Maybe I'll see him around. Maybe I won't. But he let me know that I was definitely back in action, no longer on cruise control, and finally steering the wheel.    

AN: No that's not the dude in the picture. I was just giving y'all some eye-candy.

Sunday, July 10, 2011

The Renaissance in the Belly of Killer Whale

As New Yorkers witness the many ways by which their city evolves, we must question the impact the changes have on its inhabitants. More specifically, gentrifying neighborhoods undergo seemingly positive changes that make for a better quality of life. However with neighborhoods similar to Harlem, not everybody is, well, comfortable about the new directions their neighborhoods are going in. In her play Renaissance in the Belly of a Killer Whale, Honorary Sister, Chyann Sapp beautifully captures the varying perspectives held by residents as the Harlem known to them becomes anew.

All participated in the writing of the script but the cast consists of the three multifaceted ladies, Jaylene Clark, Hollis Heath and Janelle Heatley. The opening scene begins with their characters, childhood friends Shayla, Toni and Bridget, reuniting on the stoop of a brownstone one of them grew up in. They all begin to reminiscence about their experiences in the old neighborhood ranging from what candies they used to enjoy and games they used to play. The three characters then begin to worry that their memories of more complex aspects of growing up in Harlem, particularly its cultural vibrancy will become a thing of the past. In Renaissance, the three infuse their background with spoken word, song and dance into traditional theater and create a visionary play that allows us to travel through the rich history of Harlem while exploring the socio-economic issues that make it vulnerable to the gentrification occurring today.

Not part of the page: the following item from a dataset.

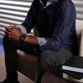 Mostrador: Preto com marcadores metálicos e detalhes em alto-relevo

I saw this play about a month ago and vowed to Chyann that I would do my best to support her new project because it is really good play, simply speaking. Renaissance is thoughtful, intelligent, funny and polished. But I was more impressed by how fairly the ladies presented the issues at hand. All grew up in Harlem and with the exception of Janelle who lives in The Bronx, all still reside in there. They witness the larger number of fairly moneyed people now living amongst them, and the restaurants and boutiques that follow them. I get frustrated with debates about gentrification because there is a tendency to oversimplify the issues at hand. It is important for people to have access to fresh fruits and vegetables so the new supermarket down the street is a good thing. But if the prices are out of reach for working class people within the community, then it is no added benefit. Gentrification is more complex than poor people getting pushed out and trendy establishments and Renaissance perfectly displays that.

"We don't want to write an anti-gentrification play," Chyann said to me in an earlier phone conversation."From a personal standpoint, we all know we are benefiting from many of the changes taking place."

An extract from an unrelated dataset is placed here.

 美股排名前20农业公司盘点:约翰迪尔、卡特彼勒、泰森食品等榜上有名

In each scene, a typical viewpoint is presented with an alternative one leaving the audience to sometimes challenge their own opinions about how neighborhoods similar to Harlem are changing. Jaylene, Hollis and Janelle's characters articulate their desires to preserve the culture that made Harlem one of the most famous neighborhoods in the world. This includes its history in fine arts, jazz, hip hop, cuisine and especially spoken word. All of the ladies have a background in spoken word and yearn for a modern day renaissance where the cultural beauty will be revitalized amidst an evolving Harlem. A Harlem where white and typically more affluent residents are emerging within a traditionally black and Latino Harlem, much like a belly of a killer whale, the metaphor that ignited the creation of the play itself.

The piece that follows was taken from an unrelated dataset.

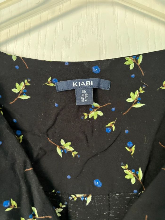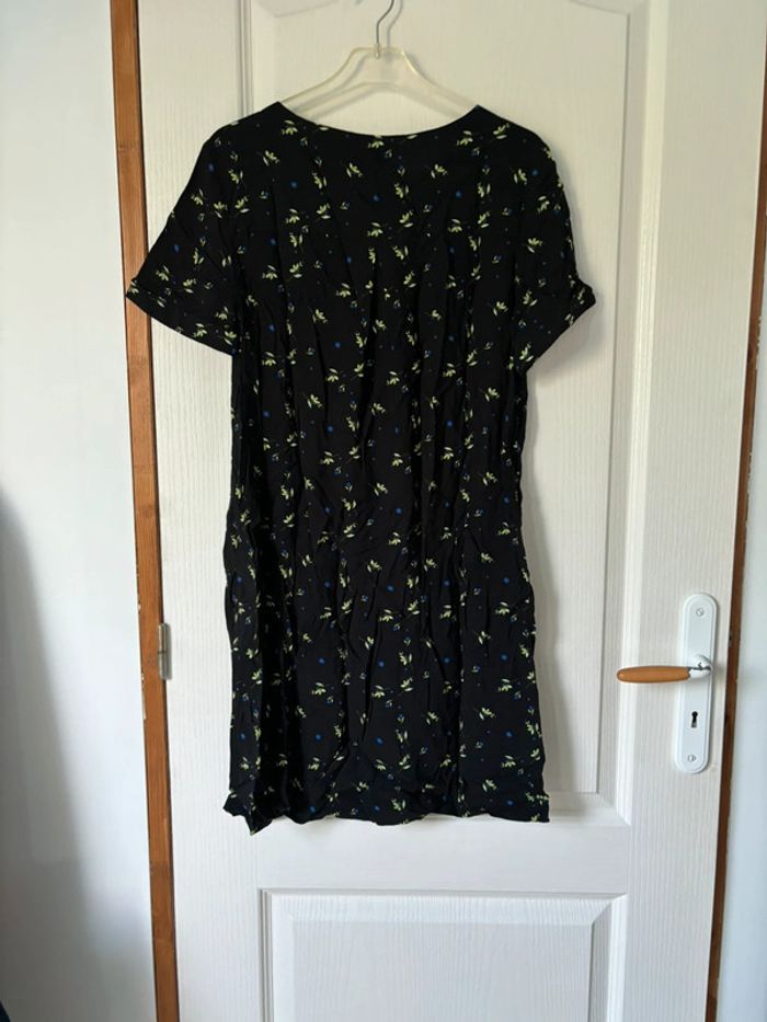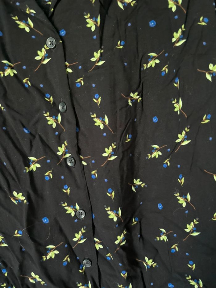 Robe chemise à manches courtes noire à motifs feuilles vertes et bleues Col V Kiabi taille 36 En très bon état

It is refreshing to be moved in the theater. When you go see Renaissance in the Belly Whale, you will be moved, inspired and challenged. You will leave asking yourself questions. Is a gentrifying neighborhood's increased wealth shared amongst the original residents? Isn't more improved public health and security a good thing? Why did it have to take new people in to bring what are largely considered basic rights? Well, those were my personal questions. Go see the play and have your own.